(Beginning of Information provided)

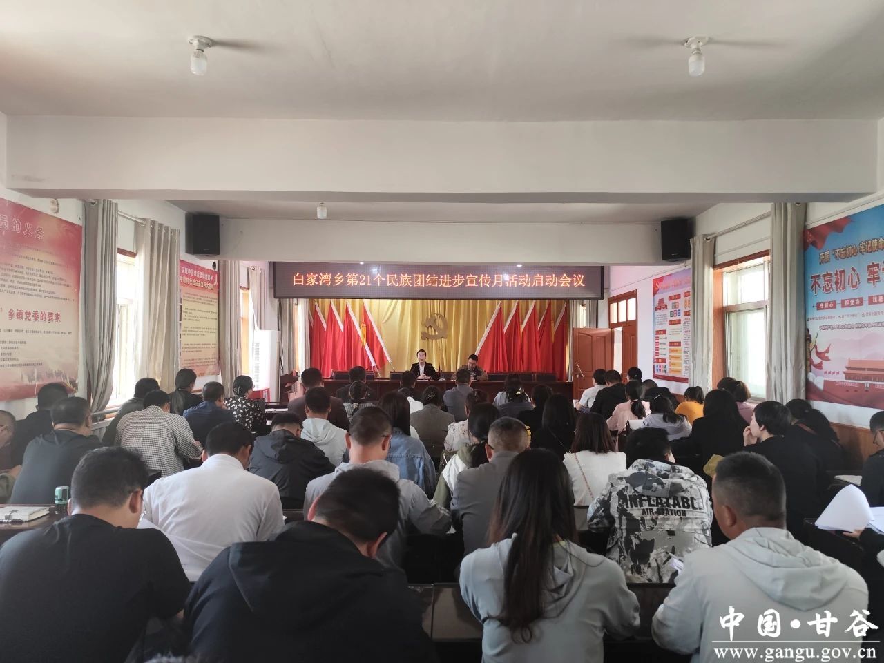 5月13日,白家湾乡召开第21个民族团结进步宣传月活动启动会,全体乡干部、各村支部书记、文书参加会议。
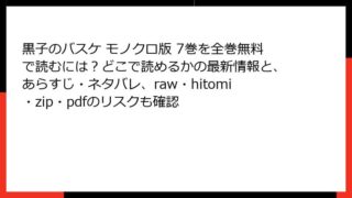 少年マンガ 黒子のバスケ モノクロ版 7巻を全巻無料で読むには?どこで読めるかの最新情報と、あらすじ・ネタバレ、raw・hitomi・zip・pdfのリスクも確認
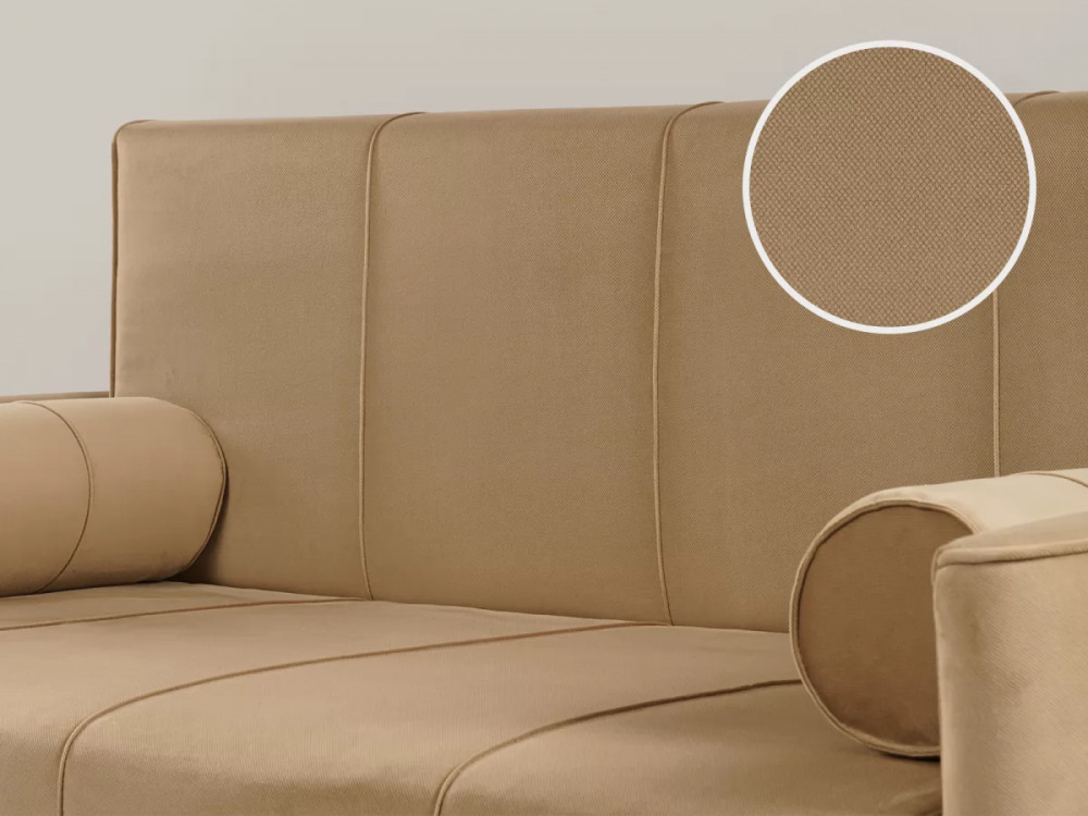Габаритысложенный (Д x Г х В, мм): 1450 x 800 x 840разложенный (Д x Г х В, мм): 1450 x 2000 x 770спальное место (Д x Ш, мм): 1950 x 1200высота посадки (мм): 460глубина сиденья (мм): 650высота спинки (мм): 450высота подлокотника от сиденья (мм): 120максимально допустимая нагрузка: 80 кгМеханизм трансформацииВыкатной с гнутоклееными латамиБельевой ящикестьодно отделениеразмер отделения (Д x Ш, мм): 1100 x 628 x 100Варианты исполнения6 артикуловсочетание тканей только как на фотоМатериалыосновная ткань: Киви (велюр) / Макс (велюр)выполняется в тканях: Макс 210 (песочный)каркас: фанера деревянный брус ДСП ДВП ЛДСПоснование матраса: ППУ на основании из гнутоклееных латдекоративные подушки, шт: 2наполнитель подушек: полиэфирное волокно «шарики»материал опор: пластикцвет опор: черныйвысота опор (мм): 25ДекорНа фронтальной части спинки дивана прострочены защипы (3 шт.). По торцам втачен кант. На декоративных валиках прострочены защипы -2 шт. и защип вдоль круглого торца. Сидение имеет 3 защипа. Верхний торец подлокотников полукруглый, на ребре полукруга втачен кант.Назначениев молодежную в детскую в гостевую комнатуТребуется ли сборкадаУпаковкаколичество коробок, шт: 1общий вес с упаковкой, кг: 56,6Гарантия: 18 месяцев

(End of Information provided)

* [Problem to solve]: Each line from the first line of the material above through the line containing "少年マンガ 黒子のバスケ モノクロ版" is to be reproduced exactly, with both ends kept and pictures left out.

* [Exercise solution]:
 5月13日,白家湾乡召开第21个民族团结进步宣传月活动启动会,全体乡干部、各村支部书记、文书参加会议。
 少年マンガ 黒子のバスケ モノクロ版 7巻を全巻無料で読むには?どこで読めるかの最新情報と、あらすじ・ネタバレ、raw・hitomi・zip・pdfのリスクも確認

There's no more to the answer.